Justice has been giving bad news to the Government for many months. The Executive assumed the possibility that the Superior Court of Justice of Madrid would reject the complaint that, in an unprecedented manner, was presented by the President of the Government, Pedro Sánchez, against Judge Juan Carlos Peinado, who has accused his wife, Begoña Gómez. . But what no one expected is that they did it with a very harsh order in which they turned against the president and even one of the judges suggested that a possible fine against the complainant should be studied. After reading the order, indignation grew in Sánchez’s entourage because the judges used clearly political and very unusual qualifiers. It is not the first time, in La Moncloa they were also outraged with other recent decisions of the Supreme Court, for example the one that disqualified the quality of the amnesty law and entered into rather political adjectives about its timeliness.
The most widespread interpretation within the Government, which is only hinted at in public, to avoid a greater conflict of powers, but is expressed more openly in private, is that a sector of justice is clearly opposed to the Executive and does not miss the opportunity to hit him when he has the chance. Some sectors of the Government doubted the opportunity to present complaints for prevarication because they considered them lost, since they practically never prosper, but in La Moncloa, among those who made the decision to go down this route, now unsuccessful, maintain that the objective was not It was both to win them and to reveal Judge Peinado’s actions, which they consider totally outside the norm and with political intentions.
The way of writing the order, with some unusual ellipses more typical of a political opinion column than an order, has baffled some members of the Government, who believe that the animosity is very evident. While the State Attorney General is accused of an alleged leak in the case of tax fraud against Isabel Díaz Ayuso’s partner, here they do not even consider that the leak of the images and audio of the interrogation of Sánchez represents any problem that needs to be investigated.
The underlying message that the Government conveys is that the judges, or at least some sector of the judges, have decided to engage in politics and influence their decisions to harm the Executive. “In the complaint filed, the true purpose of calling the President of the Government to testify in person was already warned: to turn that statement into an instrument to politically harm the Executive by instrumentalizing a judicial procedure,” say Government sources.

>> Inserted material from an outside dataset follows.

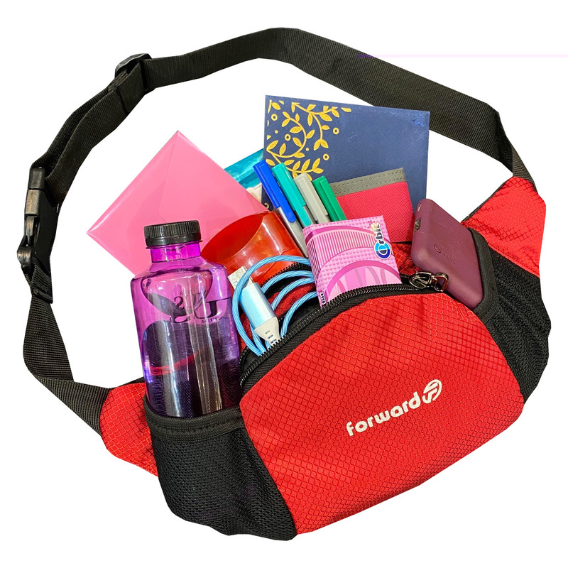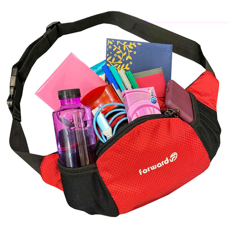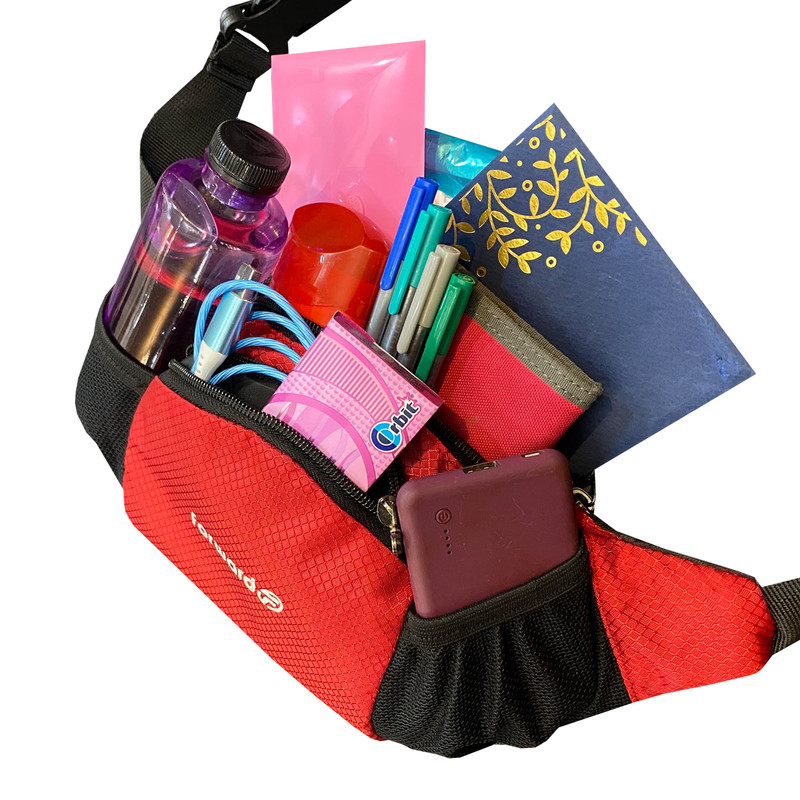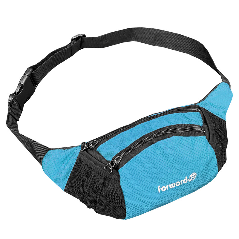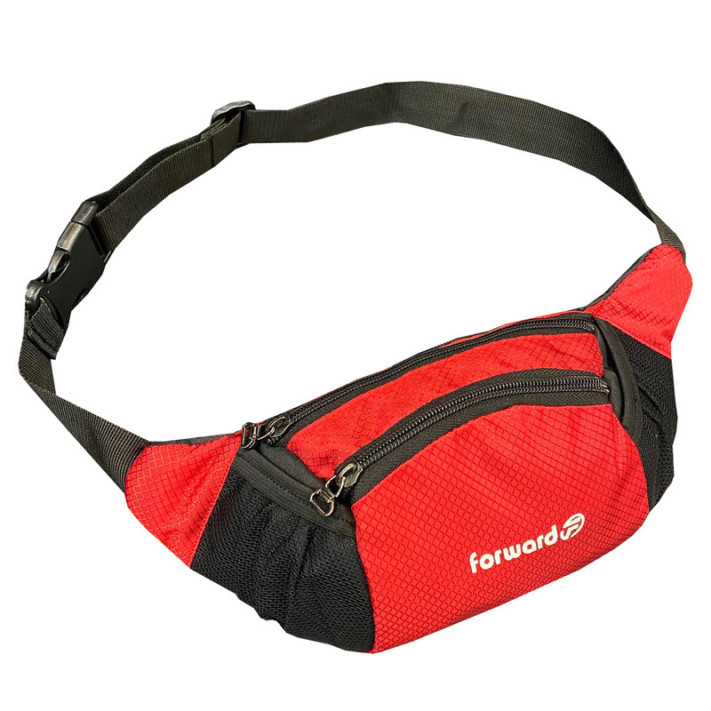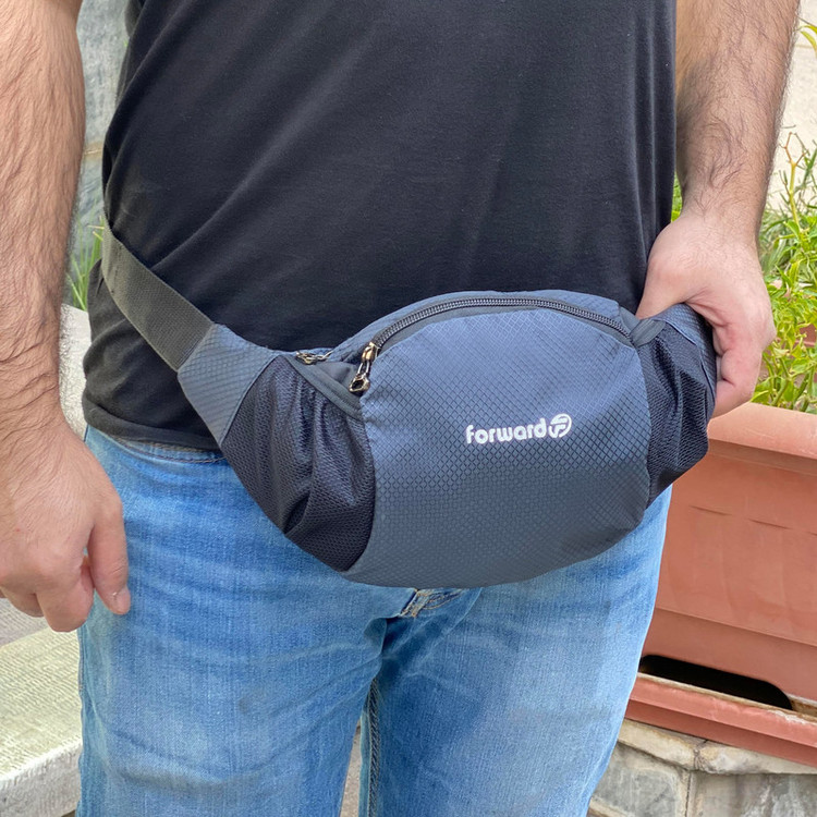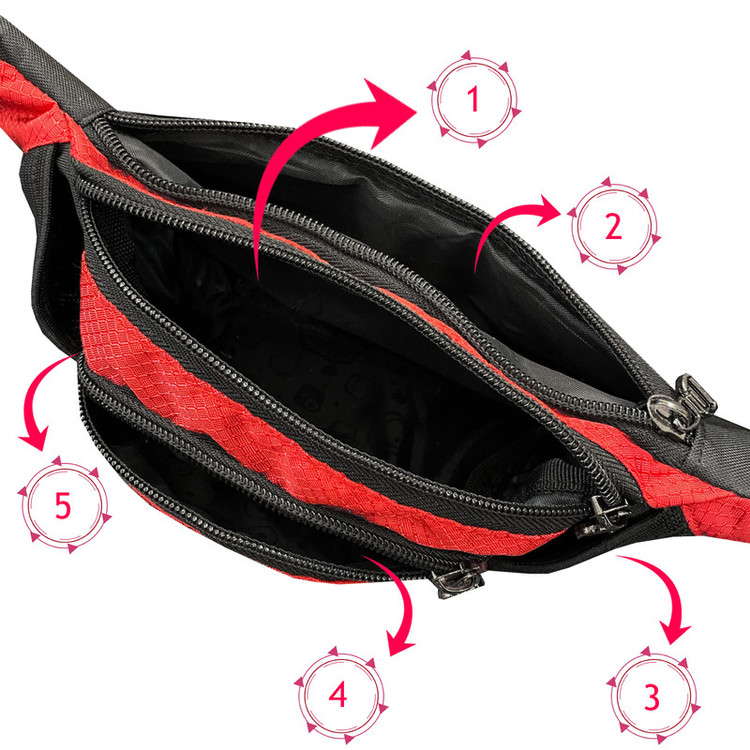 دارای یک زیپ مخفی در قسمت پشتی کیف کمری دارای 2 زیپ بزرگ در قسمت جلویی کیف کمری دارای دو جیب توری کش دار جهت قرار دادن وسایل و بطری نوشیدنی

“Unfortunately, this suspicion has proven true. On the same day that the judge sent the statement to the private accusations (various far-right, fundamentalist and anti-vaccine organizations), it was leaked to numerous media outlets. We hope that what happened here contributes to the necessary social debate about the consequences of the strategy of the ultra-right and the extreme right based on the poisoning of coexistence and the unfounded and unproven harassment of progressive politicians and their families,” they conclude.
This is politically relevant for the Executive. Various members of the Government consulted believe that, although the blow that these judicial decisions represent, or the accusation of the attorney general, is evident, from the point of view of public debate it is becoming increasingly evident, in their view, the animosity of some conservative judges with the progressive Executive, and therefore, at least among the electorate that supports the Government, the effect of these decisions loses a lot of force. The Government thus assumes that the judicial side will give more bad news, but it trusts that the wear and tear expected by the opposition – Feijóo even spoke of Sánchez’s “judicial agony” on Wednesday in Congress – has reached its ceiling because the idea is installed in the progressive world that there is animosity against the Executive.
In any case, the atmosphere perceived in La Moncloa indicates that this avenue of resources seems exhausted and the Executive now only trusts that the Begoña Gómez case, which has brought obvious wear and tear and has given ammunition to the opposition, will gradually progress. little exhausting its path and finally being archived in a few months, although no one dares to make predictions after all the previous ones failed. After the Provincial Court gave him room to continue investigating, although in a limited way, and the Superior Court of Madrid has ruled out the prevarication with harsh arguments against the complainant, Peinado now has control again to move forward for several months. But in La Moncloa they remain convinced that there is no criminal element, as the two Civil Guard reports said, and therefore they continue to think that it is a matter of time, much longer than initially anticipated, but the end of the process can only be the archive.